Israel confirmed it limited Gaza’s fishing zone to six nautical miles. Hundreds attended Abu al-Ata’s funeral on Tuesday afternoon, with many chanting against Israel.
Speaking from the funeral, Abu al-Ata’s father Salim said his son had disappeared for a week after his name was circulating in Israeli media – blaming him for a barrage of rockets fired into Israel on 2 November. He added: “It’s a crime to bomb him when he is asleep at his home.”
In Israel, at least one home has taken a direct hit from rocket fire, schools in the southern and central districts were closed for the first time since the war with Gaza in 2014.
Non-essential work near Gaza has also been cancelled and bomb shelters opened. Videos were shared showing a rocket hitting a road in southern Israel, narrowly missing traffic.

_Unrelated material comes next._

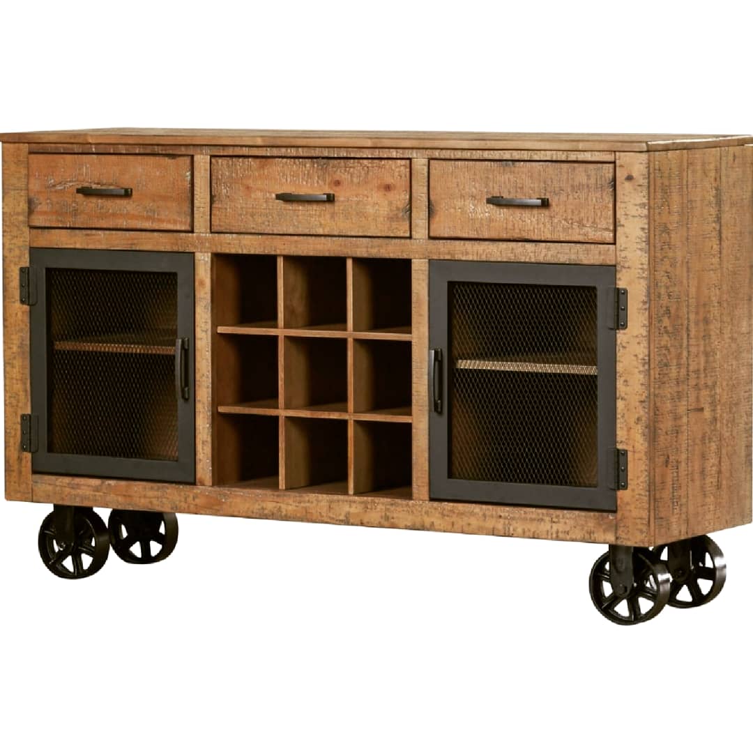 Three drawers hold utensils, while nine compartments provide wine storage. With two cabinets, you can easily corral plates, linens, and more.

The EU condemned the barrage of rocket fire and called for “rapid and complete de-escalation”. Jordan meanwhile blamed Israel for the sudden outbreak of violence, saying fighting will only “deepen” despair in Gaza and “promote extremist agendas in the region.”
Over the last year, militants in Gaza and Israel’s military have teetered on the cusp of war with multiple serious cross border flare-ups, triggered in part by the start of Great March of Return protests in the 25-mile-long enclave.
Since the Gaza rallies began in March last year, much of them triggered by a 12-year-long Israeli- and Egyptian-siege on the Strip, nearly 270 Palestinians have been killed and thousands more wounded by Israeli troops.
Israel said Palestinians have repeatedly attacked the border zone and threatened citizens in southern Israel, by launching firebombs and kites tied with explosive devices.